Really worried despite all my efforts and research these birds are proving to be very stubborn, and very very nervy.. Despite me thinking last week they had properly settled.

Thanks in advance for any help

http://www.youtube.com/watch?v=qTgXWrRUED4&feature=youtube_gdata_player


----------



## Standfree1987 (Aug 21, 2012)

Here's another clip of her 

http://www.youtube.com/watch?v=PbpHxhdw8xI&feature=youtube_gdata_player


----------



## Loopy Lou (Jul 26, 2012)

Which one is the grey one? Because i'm pretty sure it's doing bat wings which i think is a male behaviour (if i'm wrong i'm sure someone will correct me :blush

Could there be a mirror or anything reflective in the cage for them to be scared of a reflection?
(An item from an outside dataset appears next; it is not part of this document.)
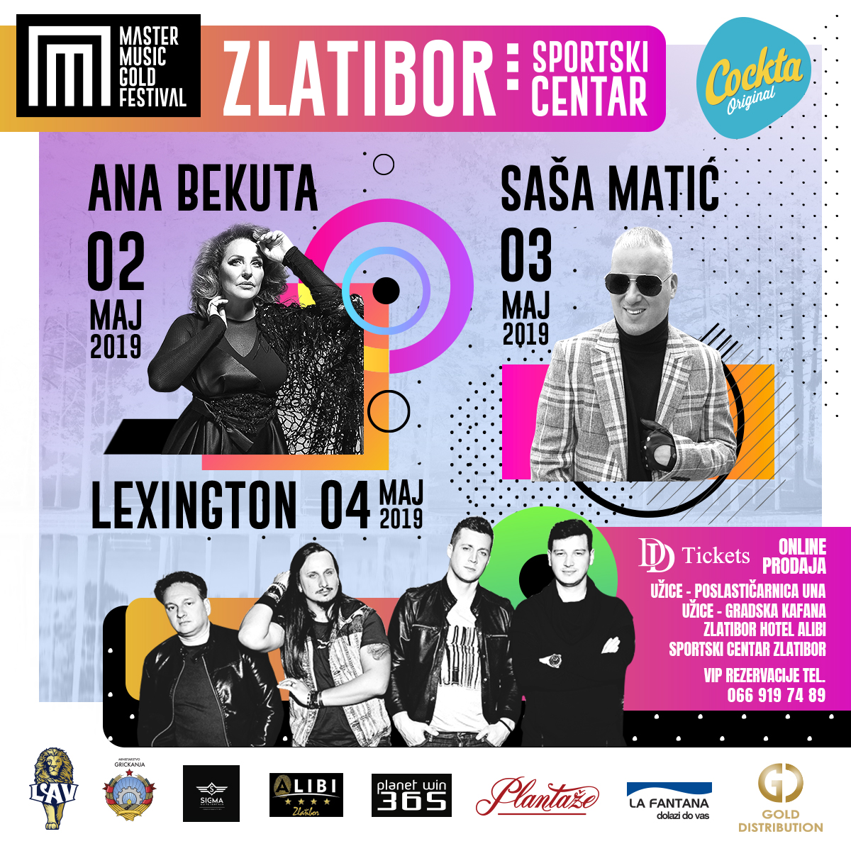 Све оне који одлуче да првомајске празнике проведу на Златибору, очекује пријатно изненађење. На овој атрактивној туристичкој дестинацији, након недавно одржаних концерата Дина Мерлина и Северине, организује се фестивал "Мастер мјузик голд", у оквиру кога ће током три вечери наступити Ана Бекута, Саша Матић и "Лексингтон бенд".

My budgies used to do something similar when i had two of them, they'd just suddenly take off around the room like mad. They were just playing though, having a little crazy time.


----------



## Standfree1987 (Aug 21, 2012)

I have already spoken on this site somewhere that the grey one was sold to me as a female, but has shown a few traits that I thought were male behaviours so this could be more evidence that she's a he lol

This is reassuring if it's just playful behaviours but she seems quite nervous and I thought this was why she was doing it, because she seems to be hissing at things which aren't there she also came to me quite easily right afterwards, then I started to think maybe her and squire had a fall out?


----------



## Loopy Lou (Jul 26, 2012)

Is s/he seeming scared at all when she gets back from her little fly-around? I'm sure more people will be along who know more than me


----------



## Bird Junky (Jul 24, 2012)

Hello I can't see any sort of behaviour that I haven't
seen hundreds of times before. Your birds have settled
in & now they know they can enjoy & make as much 
noise as they want What you need now is a bonding
post to read so you end up with happy owner & happy
well behaved birds.....B.J.
Click on bellow for bonding post.
http://talkcockatiels.com/showthread.php?t=31981


----------



## meaggiedear (Nov 20, 2011)

Loopy Lou said:


> Which one is the grey one? Because i'm pretty sure it's doing bat wings which i think is a male behaviour (if i'm wrong i'm sure someone will correct me :blush



It's not just a male behavior. BOTH sexes do it. 

And also. You bird acts just likes my Willow. She is doing the bat bird, which means she is claiming her terrority. Willow also hisses for absolutely no reason. lol. 

And when one bird starts flapping their wings (even slightly), it will set everyone else off and everyone will fly. I hate it, because in my house I'm chasing down four of them- But the noise gets them everytime.


----------



## Loopy Lou (Jul 26, 2012)

meaggiedear said:


> It's not just a male behavior. BOTH sexes do it.


Thanks, i shall remember this now :blush:


----------



## Standfree1987 (Aug 21, 2012)

Cheers for the advice, i need to stop thinking every little thing they do is a problem hah


----------